▸ **WHAT IS EXPECTED**: When you reach the line containing "Elegant S925 Silver", begin reproducing the lines exactly and continue through the end of the listing, leaving out the pictures.

▸ **EXERCISE DATA**:
BEGIN
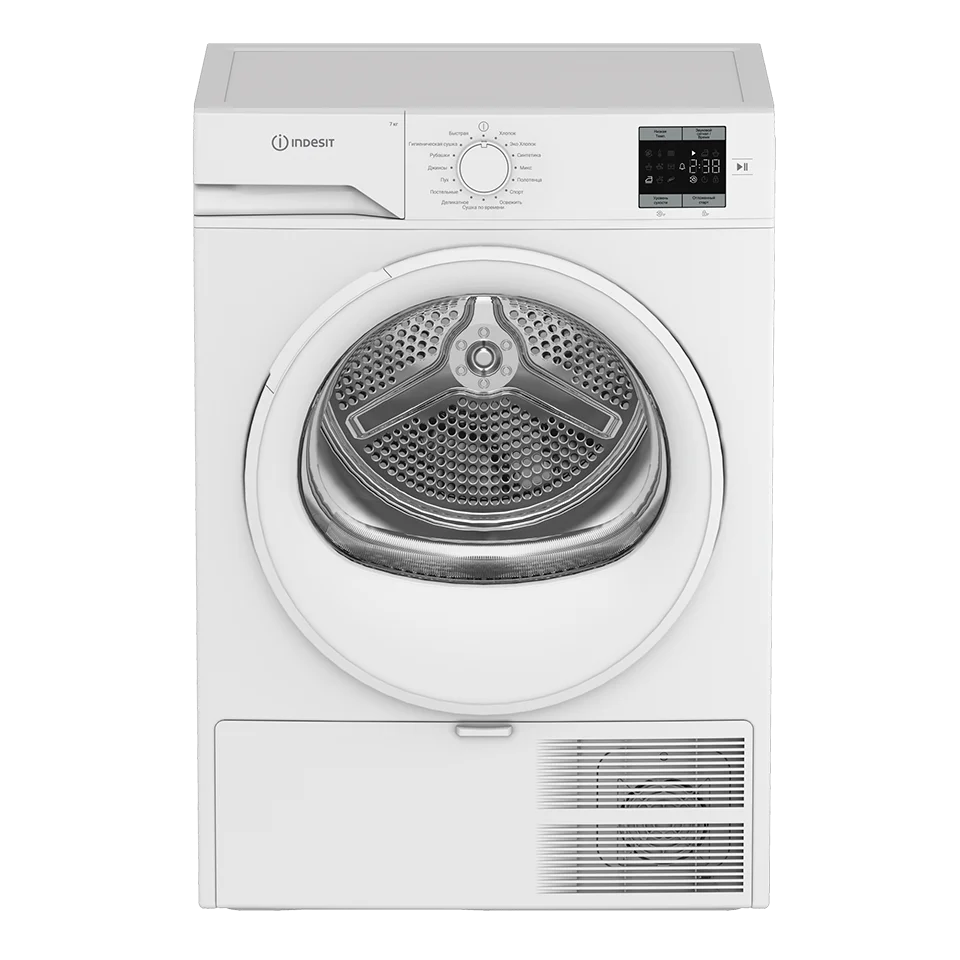 Сушильная машина Indesit IAS3725 белого цвета — конденсационная модель с тепловым насосом.
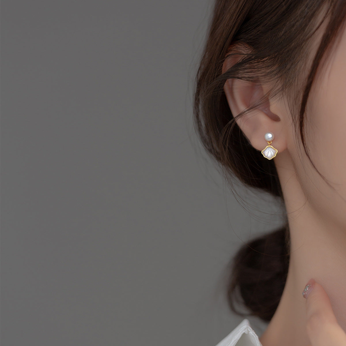 Elegant S925 Silver Summer Shell Pearl Stud Earrings
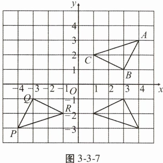 7. 如图 3 - 3 - 7,$\triangle PQR$ 是 $\triangle ABC$ 经过某种变换后得到的图形。如果 $\triangle ABC$ 先变换到第四象限,再变换到第三象限,你认为第一次变换方式是 ______,第二次变换的方式是 ______,$\triangle ABC$ 内任意一点 $M$ 的坐标为 $(a,b)$,那么在 $\triangle PQR$ 中,它的对应点 $N$ 的坐标为 ______。
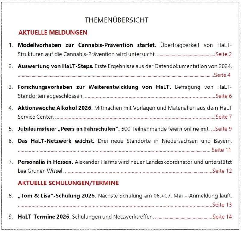 Der HaLT-Newsletter I/2026 ist online. Informieren Sie sich über aktuelle Entwicklungen, Veranstaltungen und Materialien.
END
▸ **YOUR RESPONSE**:
 Elegant S925 Silver Summer Shell Pearl Stud Earrings
 7. 如图 3 - 3 - 7,$\triangle PQR$ 是 $\triangle ABC$ 经过某种变换后得到的图形。如果 $\triangle ABC$ 先变换到第四象限,再变换到第三象限,你认为第一次变换方式是 ______,第二次变换的方式是 ______,$\triangle ABC$ 内任意一点 $M$ 的坐标为 $(a,b)$,那么在 $\triangle PQR$ 中,它的对应点 $N$ 的坐标为 ______。
 Der HaLT-Newsletter I/2026 ist online. Informieren Sie sich über aktuelle Entwicklungen, Veranstaltungen und Materialien.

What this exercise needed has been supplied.